Andrews worked part time as a certified nursing assistant at a Northampton nursing home. She later worked with Quabbin Mediation teaching nonviolent communication, drawing on theories and practices pioneered by the psychologist and author Marshall Rosenberg.

Van Assche delivered interlibrary loans for the Western Massachusetts Regional Library System two days a week for 24 years.

After losing his library job, Van Assche received unemployment assistance for a year.

“Then I heard that Real Pickles was hiring,” he said. “Soon after I started working there, they transitioned to a worker-owned cooperative, which is right up my alley philosophically.”

Making lacto-fermented foods on a large scale at the Greenfield business is hard work, but Van Assche loves it.

“At 68, I’m the oldest one there, by far, so I get a lot of ‘old guy’ questions about relationships and life. That pleases me.”

Andrews served in leadership positions, including being the board president of the Franklin Community Co-op, yet questioned standard leadership roles.

​​​​​​“She was devoted to participatory democracy, something that’s talked about in progressive circles, but not always practiced,” Van Assche noted.

He added, “Marilyn was a lot of things, but above all she was earnest. She was empathic and introverted, but with a wilder, fanciful side. She was curious, passionate, filled with integrity and reserved, but also very funny.”

Living with illness

In September 2017, Andrews and Van Assche traveled to Kansas City for an art show. “Marilyn drove while I slept,” he recounted. “I awoke with a start after she slammed on the brakes. She had a grand mal seizure; she was semi-conscious and couldn’t speak.”

Tests at a Columbus, Ohio hospital revealed a sizable brain tumor.

“Marilyn was in the ICU for a couple of days,” he said, “on meds to control seizures. When we got back to Massachusetts, she had surgery. They were able to get about half of the tumor, and then she was put on a trial medication.”

The couple learned that Andrews’ life expectancy was one to two years.

“That was hard to accept,” Van Assche said. “But we hung in there together and got another 16 months. I’d never faced anything so difficult.
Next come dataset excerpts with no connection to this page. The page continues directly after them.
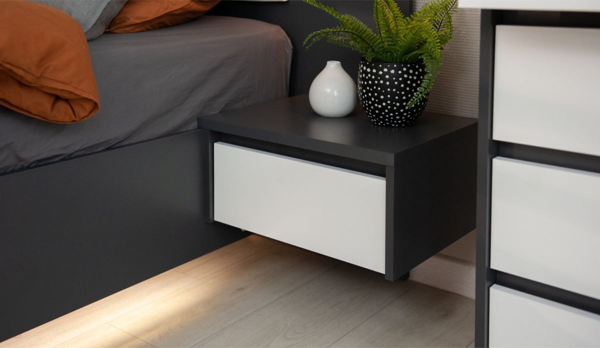 Современная прикроватная тумба Мишель с креплением к кровати создает визуальную целостность и «иллюзию парения». На столешнице поместятся небольшой светильник и необходимые аксессуары, а в ящике с направляющими полного выдвижения удобно хранить личные вещи. Идеально компонуются со всеми модулями системы Мишель.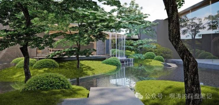 攫取岭南园林之基调,追溯人文生活本源,以现代造园功法,解构山水图景,打造“林起、穿林、林间、远林”四大主题景观,献呈可赏,可游,可居的桃源谧境。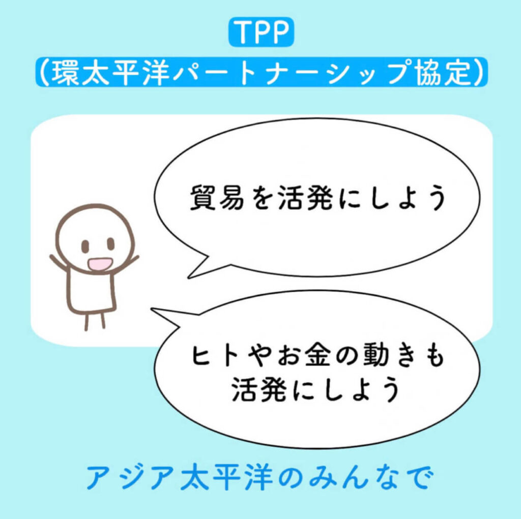 TPPとは、アジア太平洋のみんなで、モノ、ヒト、カネの動きを活発にしようとするものです。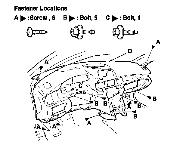 6. From the front of the dashboard, remove the screws (A) and the bolts (B, C) securing the dashboard/steering hanger beam (D).
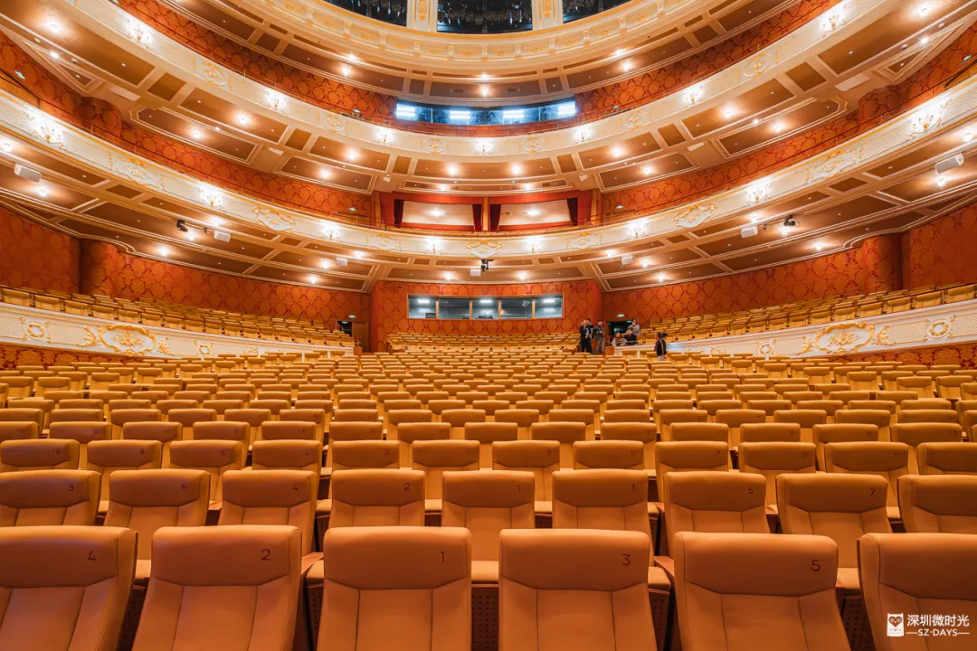 走进西侧1500座的歌剧厅,满眼都是红丝绒配香槟金。金碧辉煌的仪式感,就是这么实在。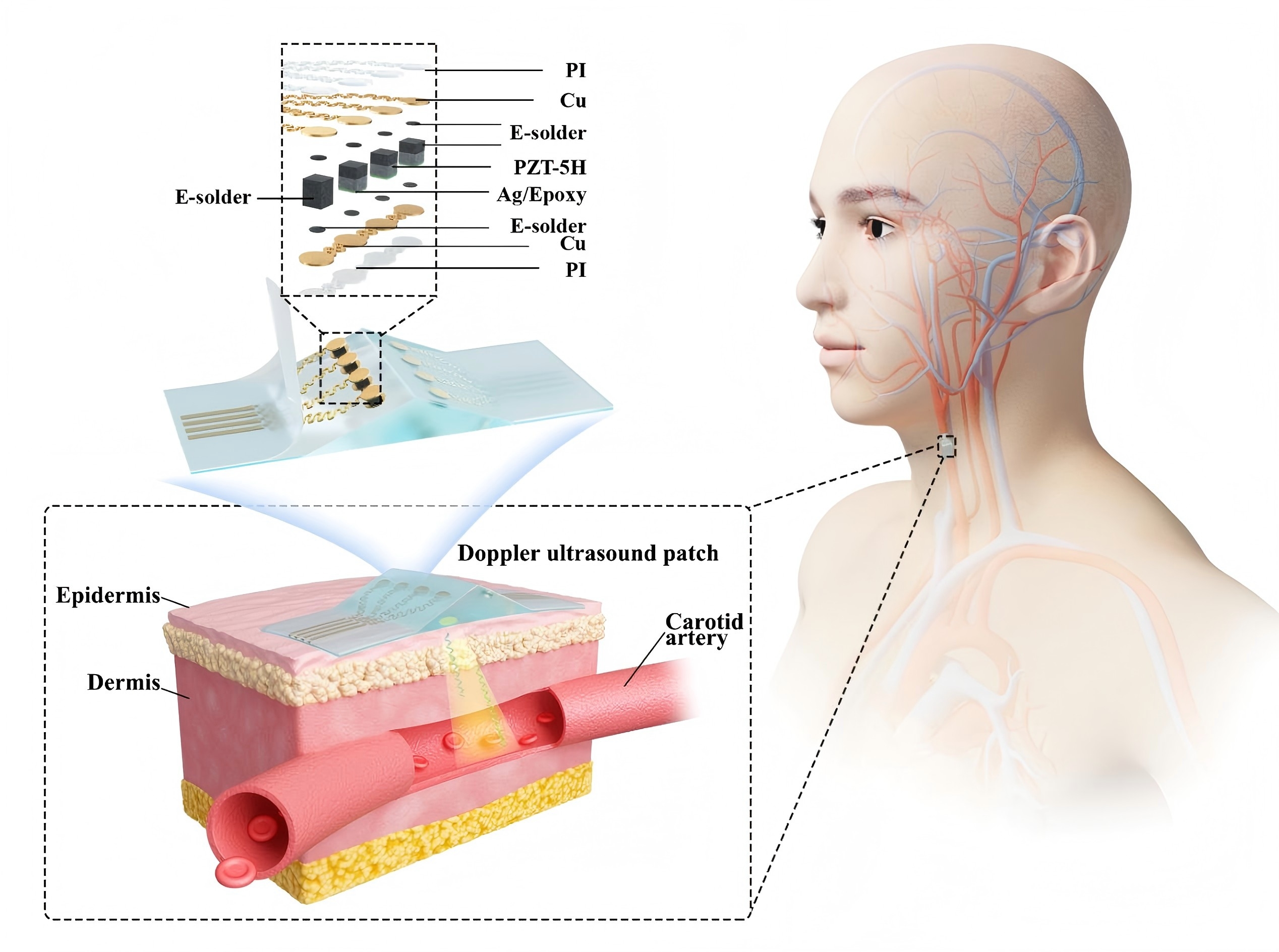 近日,上海科技大学生物医学工程学院彭畅团队在仪器领域权威期刊Measurement发表一项突破性研究,报道了一种用于连续血流监测的可拉伸多普勒超声贴片。该贴片轻薄柔软、可在日常活动中稳定贴合皮肤,有望把以往依赖医院设备和专业操作的血流监测,进一步推进到更便捷的居家长期健康管理场景。

Thank goodness I had support groups, which I still attend.”

They drew on a wide range of healing approaches.

“We took daily walks and shared nutritious food,” he said. “We went to Mass General in Boston once a week, and she had radiation at Cooley Dickinson (Hospital in Northampton).”

Speech therapy helped Andrews regain some linguistic capabilities, and she remained active, even continuing to cut firewood.
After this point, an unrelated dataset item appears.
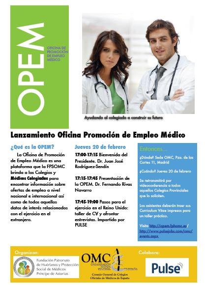 La Oficina de Promoción de Empleo, plataforma que la Fundación para la Protección Social de la Organización Médica Colegial brinda a los Colegios de Médicos y a sus colegiados para encontrar información sobre ofertas de empleo a nivel nacional e internacional así como de todos aquellos datos de interés relacionados con el ejercicio en el extranjero, se presentará el próximo 20 de febrero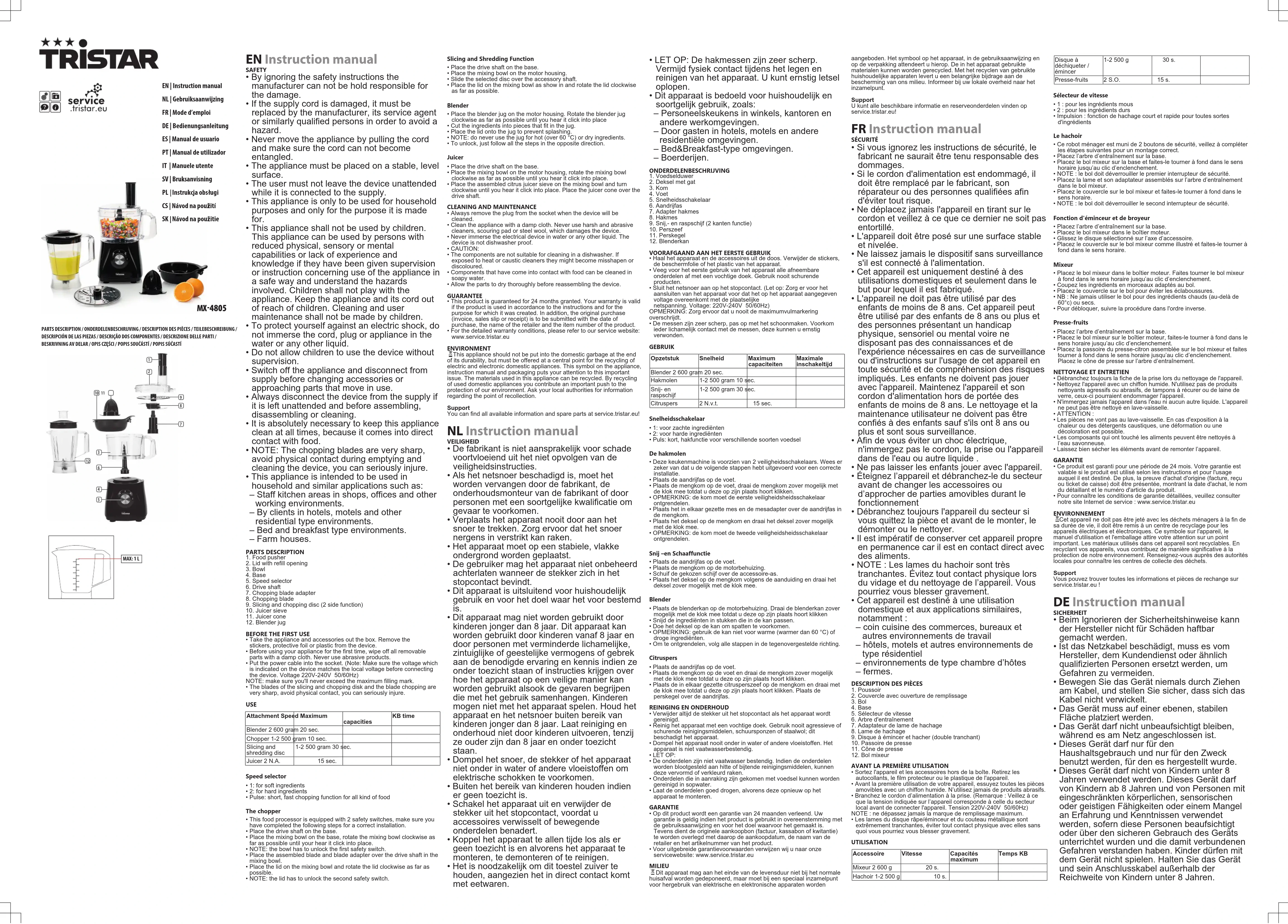 Téléchargez la notice de votre Robot ménager au format PDF gratuitement ! Retrouvez votre notice MX4805 - TRISTAR et reprennez votre appareil électronique en main. Sur cette page sont publiés tous les documents nécessaires à l'utilisation de votre appareil MX4805 de la marque TRISTAR.

Andrews’ last art fair was in August 2018 in Great Barrington. “Marilyn couldn’t speak, but she was very excited to be there, especially when she saw some of her steady customers from New York City,” Van Assche said.

Van Assche reflected on their final year.

“I’m so glad we had that time,” he said. “Losing one’s life partner to sudden death must be much harder.”

Andrews died at the Fisher Home, a freestanding hospice program in Amherst.

“Marilyn never got into the imagery of battling cancer,” he said. “She wanted to live with enjoyment until the end.”

Van Assche played guitar and sang for her at the hospice home.

Now that he lives alone, Van Assche said, “It’s great to have her work around me … her big sculptures and birdbaths, as well as the functional things in the kitchen. Her art is all over the house.”

“She wanted me to be happy. She taught me that if you don’t have joy in your life, find out what you need to do to feel more joyful. I told her that, after she was gone, I’d play music with other people. And I do.

“Since she died, I’m much less afraid of death,” he said. “Life on this Earth is really just like a drop. It’s a mystery.”

Andrews donated her body to medical research, so Van Assche did not receive her ashes until months later.

“As I carried her ashes up our driveway, I realized we’re part of a much bigger whole. This has always been done — people carrying the remains of their loved ones — and it will always be done.”

Eveline MacDougall is the author of “Fiery Hope,” and an artist, musician and mom.